I dati di realtà di cui abbiamo sinora parlato, si incentrano su Beatrice, personaggio femminile di grande complessità, che proprio attraverso la feroce vicenda dell’amianto, si può dire, comincia a tirare le fila di una irrisolta vita di cinquantenne. Tornata ad Avellino da Firenze, dove era “scappata” in gioventù, Beatrice si trova ad aiutare due donne che accumulano dolore e disperazione attorno all’amianto: a una delle sue vittime, per meglio dire, autore di un drammatico diario. Questa esperienza la mette in grado di trasformare in consapevolezza civile quell’aiuto di facciata che una sussiegosa filantropia di provincia si limitava a chiederle. In questa prospettiva di sentimenti nuovi, si inseriscono sia l’innamoramento per Renato, vecchio operaio della fabbrica mortifera ora impegnato nella difesa dei diritti alla salute individuale ecollettiva, e sia il lento, disperante ma non disperato itinerario di recupero di Bianca, la figlia che, vittima di una malattia neurologica, la rifiuta.

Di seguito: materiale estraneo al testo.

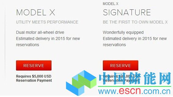 今年2月,特斯拉美國(guó)官網(wǎng)MODEL X開始接受預(yù)訂,預(yù)付訂金方式分為兩種,最高額訂金可在2015年成為第一批MODEL X車主,交付低額度訂金車輛交付的時(shí)間無法確定。在中國(guó),MODEL X同樣可以預(yù)訂,訂金為3萬元人民幣,關(guān)于交付時(shí)間官方?jīng)]有明確表示。

Ben consapevole che le ragioni del mondo corrono verso l’autodistruzione, Emilia Cirillo lascia all’emozionalità il filo di speranza per immaginare quel domani di cui abbiamo bisogno per vivere. La sua scrittura dimessa, non prevarica i personaggi, non pre-forma gli eventi. Ti accompagna registrando ogni asprezza del cammino della terra, anche quella natale, offrendoti un’ostinata determinazione a comprendere, senza per questo necessariamente accettare.